Война подкосила здоровье отца, он вышел на пенсию, страдая от вынужденного безделья. В последний год, немного оправясь, он увлекся работой по дому как член комиссии содействия. Андрей радовался, что эта безобидная деятельность отвлекает отца от мыслей о болезни. Когда-то отец, монтажник гидротурбин, был в глазах Андрея героем, мудрым, всезнающим. Теперь Андрей водил его гулять; посмеиваясь, выслушивал суждения о порядках в домоуправлении и поддавался, играя с ним в шашки.
– Папа, я ничего не знаю! – не раз сокрушался он, возвращаясь из лаборатории. Ему необходимо было кому-то пожаловаться.
Он изливал отцу горести, делился своими проектами, не ожидая совета, не интересуясь одобрением, потому что ему важно было иметь лишь слушателя. Как бы там ни складывалось на работе, он никогда не чувствовал себя одиноким. В этой части своей жизни он ощущал превосходство молодости, здоровья, силы и, как все взрослые дети, все меньше чувствовал себя сыном.
Там же, где он нуждался в участии, он неожиданно оказался по-настоящему одинок. Он не мог рассказать о Рите никому: ни Кате, ни отцу – никому. Здесь все были чужими. Шли дни, и каждый день уносил часть надежды. Он все еще не мог поверить, что это не разлука, а разрыв. Понимал, знал и не верил.
Любовь умирала медленно и слишком мучительно. Заниматься он не мог: избегая расспросов отца, он по вечераму ходил в кино или слонялся по улицам, и время после работы тянулось уныло.
Весна в тот год наступала не под приветственный блеск солнца. Она сражалась многотрудно, денно и нощно ковыряясь в грязи, под хмурым небом, отступая перед ночными заморозками, отвоевывая каждый клочок земли.
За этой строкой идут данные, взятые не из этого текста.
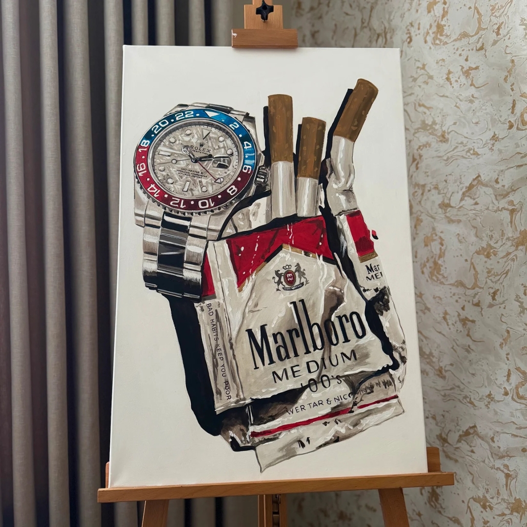 An original oil painting by the artist Liam Jacobi of a Rolex GMT Watch & a pack of Marlboro Cigarettes.
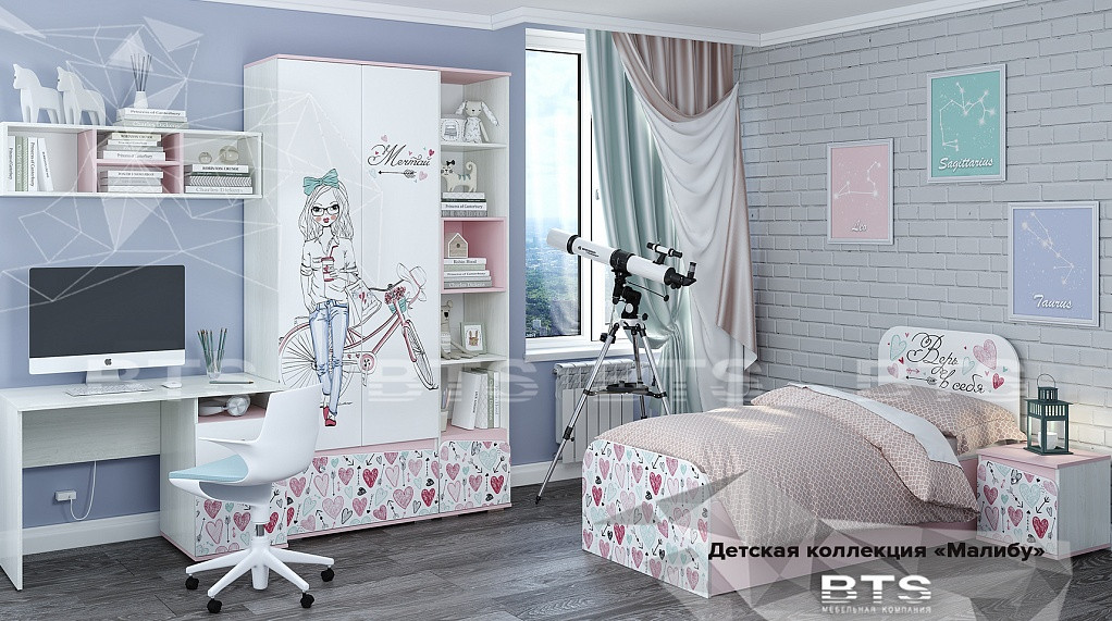 Модульная коллекция мебели из ЛДСП с принтом на фасадах.
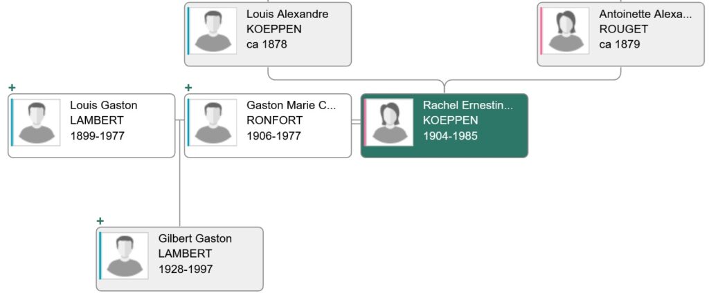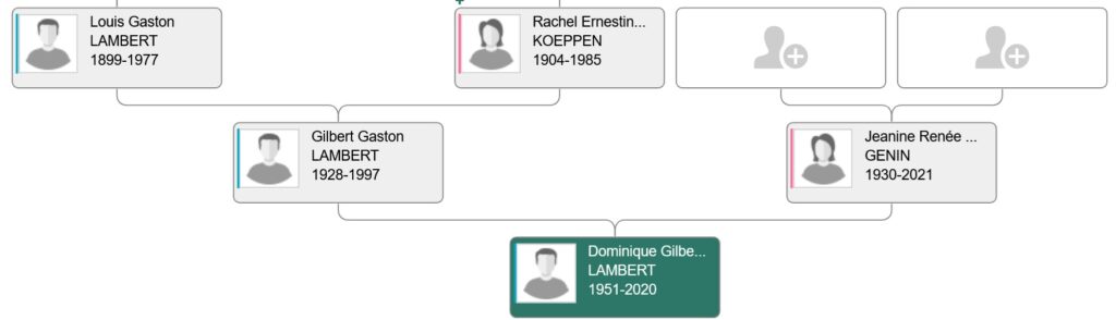 – Gilbert Gaston LAMBERT [né à Paris 20 le 05 08 1928–décédé à Auxerre le 28 01 1997], fils de Louis Gaston LAMBERT (né à Paris 20 en 1889-dcd à Paris 20 en 1977) & de Rachel Ernestine Marguerite KOEPPEN. Cette dernière, remariée est inhumée dans la sépulture « famille Ronfort ». . Sa femme :
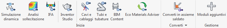 Nota: Gli ambienti Simulazione dinamica e Analisi sollecitazione sono disponibili sia nei prodotti Autodesk Simulation sia in Autodesk Inventor Professional. Gli ambienti Cavi e cablaggi e Tubi e tubature sono disponibili solo in Autodesk Inventor Professional.
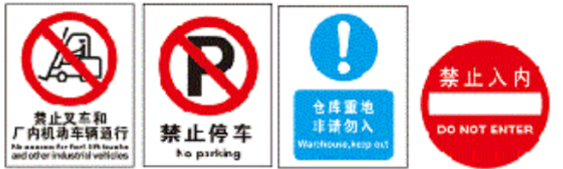 紅色鮮艷,警示作用較強,以上第一個圖標中的紅色提示均表示此處禁止叉車和廠內機動車輛通行;
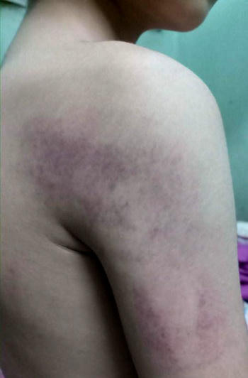 Bả vai và cánh tay học sinh bị tím bầm. Ảnh:Gia đình cung cấp. |
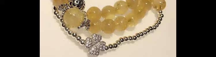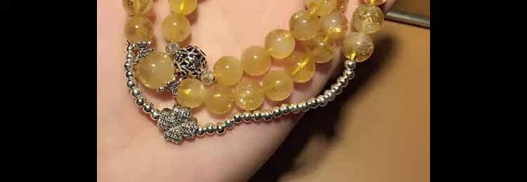 天然巴西黄水晶招财转运手链女多层多圈3圈925银四叶草手串送女友
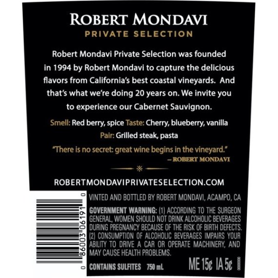 Details Ingredients Smell: Red Berry, Spice.Taste: Cherry, Blueberry, Vanilla.Pair: Grilled Steak, Pasta. Product features Robert Mondavi Private Selection was founded in 1994 by Robert Mondavi to capture the delicious flavors from California's best coastal vineyards. He inherently recognized the Central Coast's potential to produce phenomenal grapes - and, ultimately, wines of the utmost quality - at a more accessible price. They exude the fresh fruit character and bright acidity that can only come from a wine by the influence of the Pacific Ocean. This cabernet sauvignon has flavors of ripe Bing cherries, blackberries, and plum with vanilla, toasty oak, and hints of coffee. It has aromas of red berry and spice, juicy cherry, black current and black pepper. This red wine pairs well with roasted or grilled meats, hearty pasta, and strong cheese. Flavors of ripe Bing cherries, blackberries, and plum with vanilla, toasty oak, and hints of coffee Aromas of red berry and spice, juicy cherry, black current and black pepper Pairs well with roasted or grilled meats, hearty pasta, and strong cheese Delicious grapes give Robert Mondavi wines a distinctive character and intense flavor Pure fruit flavors unique to California coastal vineyards Special Features Since 1994. Follow your passion. Pour in your heart and soul. Settle for nothing less than excellence. - Robert Mondavi. Winemaker Rick Boyer shares Mr. Mondavi's passion for excellence and has crafted this Cabernet Sauvignon from our premium Central Coast vineyards to accent flavors of blackberry and plum, rounded out with a smooth oak finish. Settle for nothing less than excellence on facebook.com/robertmondaviprivateselection. Alc. 13.5% by Vol. Vinted and bottled by Robert Mondavi, Acampo, CA.
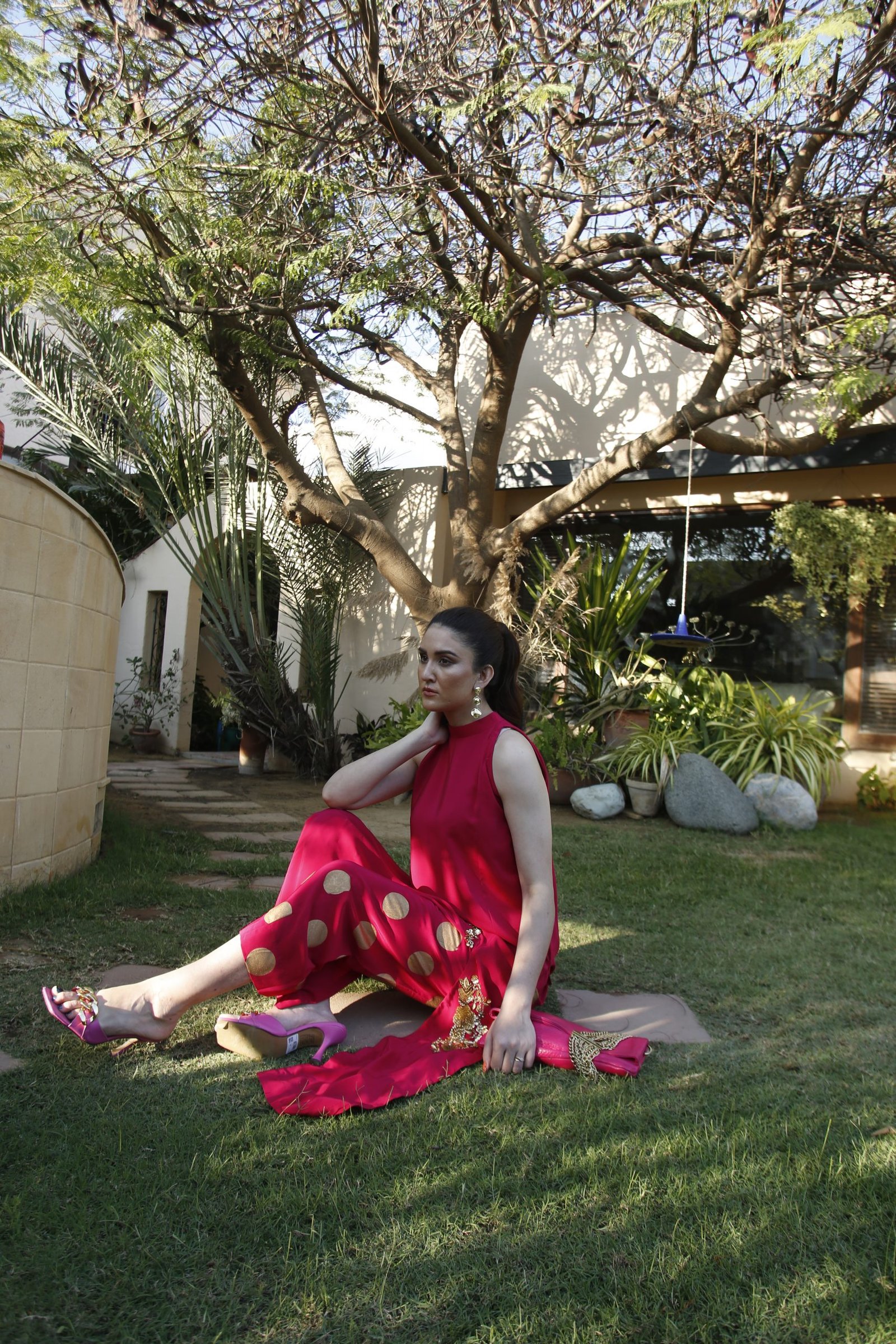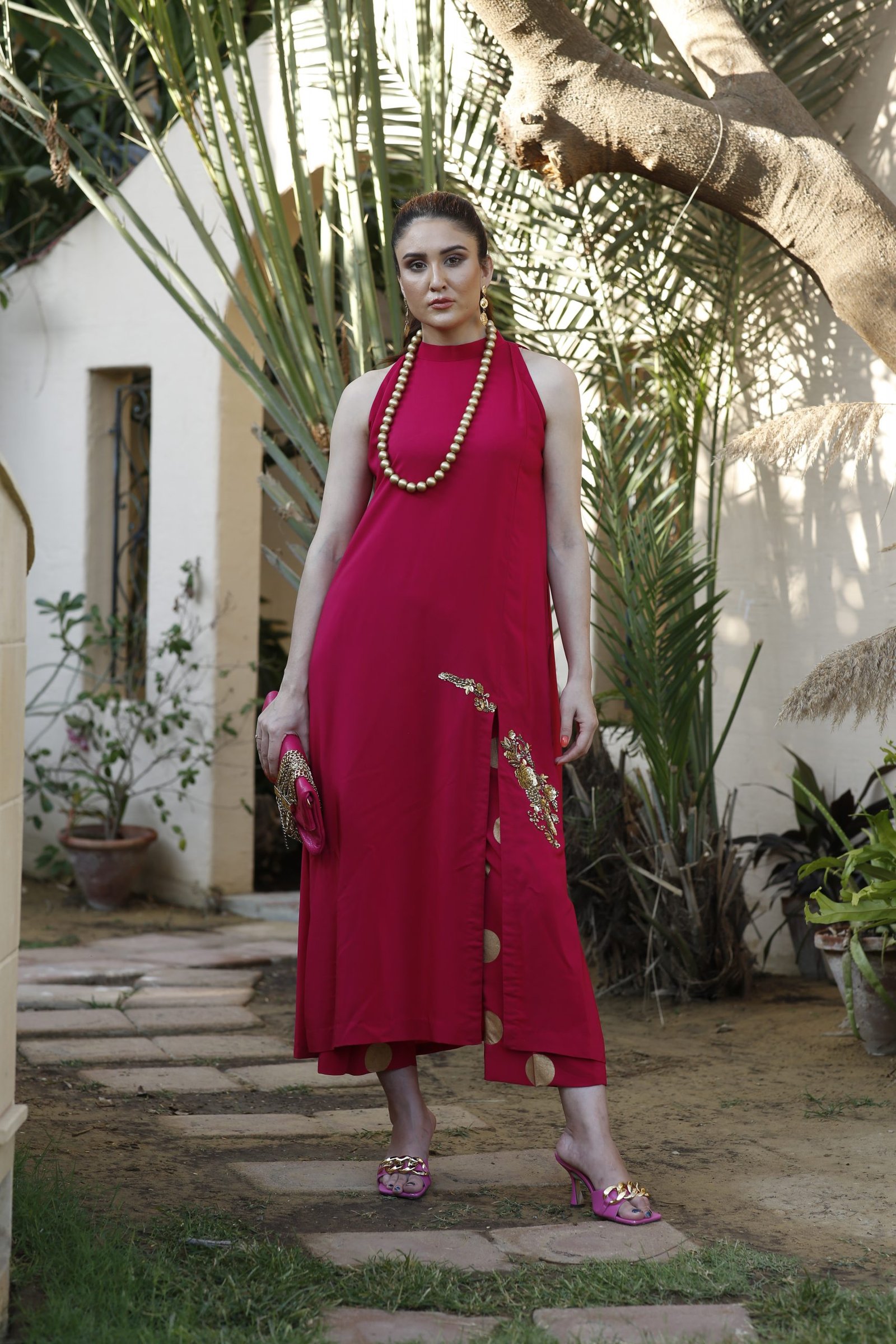 Hot pink front slit long tunic embellished with a gold hand worked motif around the slit worn over fun to wear hot pink high cut pants with gold polka screen.

Со взморья налетали серые ветры, мотая окоченелые, но уже упругие ветви с примерзшими к ним комьями снега.
Кое-где лежали сугробы талого, источенного каплями снега. Он был совсем непохож на голубой снег ранней весны. Он уже не скрипел, а хлюпал под ногами. Казалось, что город устал от зимы. Устала промерзшая земля, устали крыши, стены, устали люди. И Андрей чувствовал, что он тоже устал от всего того, что было.